It's happening in that sector right now, and you have a collision of shit causing a lot of problems. The cheap money typically leads to people buying houses (low interest rates r gud). However, we're straight up running out of houses for peoople to move in to. The GSO area typically has something like 4,000 SFH's on the market at any given time. We're in a world where that's more like 40 at any given time right now. Same thing as the 2x4 - demand is out-stripping supply. But then you've also got the added problem of Rufus - my 60-something buddy who wants to build a house, but won't put his house on the market, because lumber prices are too high to build a new home. So those inflationary bubbles start to merge.
makes sense, the DC market is interesting in that regard too. we've got new housing laws about density and affordability that i'm sure are constrained by these same supply chain concerns as well. totally different thing, i know, but still of interest.

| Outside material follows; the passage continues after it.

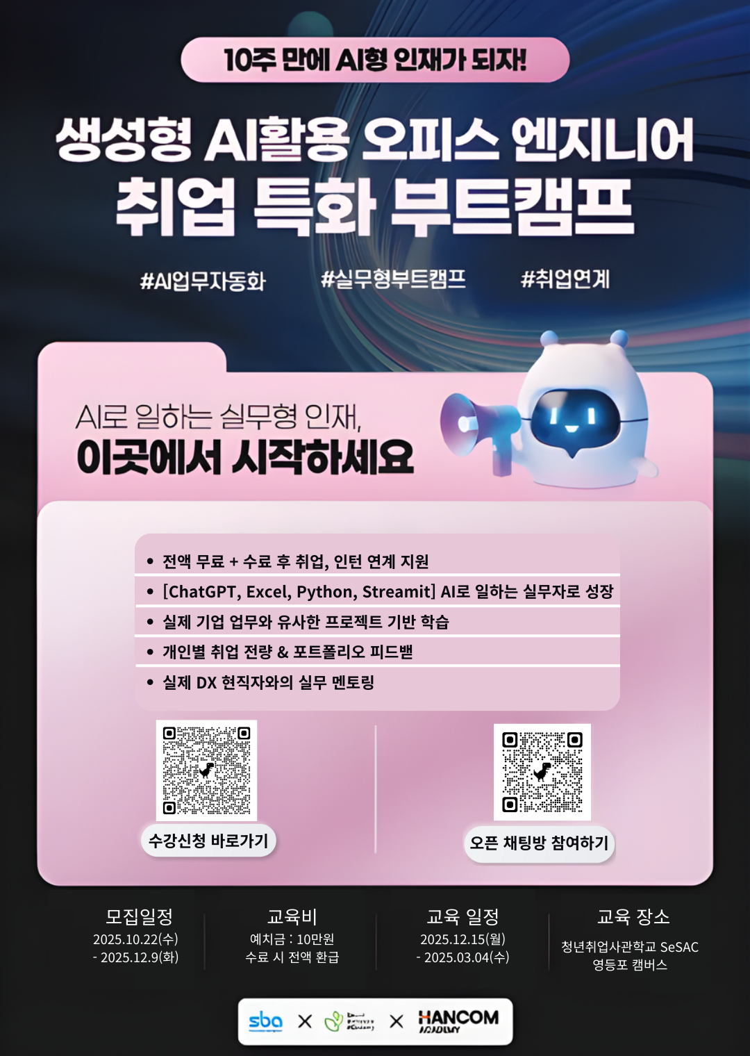 비용: 0원 (예치금 10만원 → 수료 시 전액 환급)

Couple that with my most-often-used HVAC contractor being STRAIGHT FUCKED. All of his best techs have been fired or won't come back from a layoff because they are slaying it in unemployment. So he's dicking around with garbage techs that - I shit you not - have come back over 20 times to the last job they did for me (typically, new SFH should have 4 maybe 5 HVAC visits). Stack on top of that a totally wild problem getting new/replacement HVAC parts that are totally fucking random. Register vents? We have 123124,42,35435463 of them. Motherboards for furnaces? We have negative 234249328 of them and we're backordered so deep in the ass that you'd better consider fucking geothermal.
i'd argue (at least theoretically anyway) that this is precisely the kind of case study we need to be discussing regarding UBI. there are studies in europe about paying people not to work that go well beyond just our paltry unemployment spending. they still tend to conclude that people want to work on the whole, and until i see good large scale data to suggest otherwise, i think these are short term effects of not right-sizing welfare spending. because more jobs are going to go away, and that doesn't have to be a bad thing. our productivity has so far outstripped wage and social spending growth that something has to eventually give.
It's cool to say, "awww...yeah, macro economic policy and shit," but the economy is usually an ocean, but right now it is acting like a fucking four year old in a bathtub sloshing fucking water on the ceiling.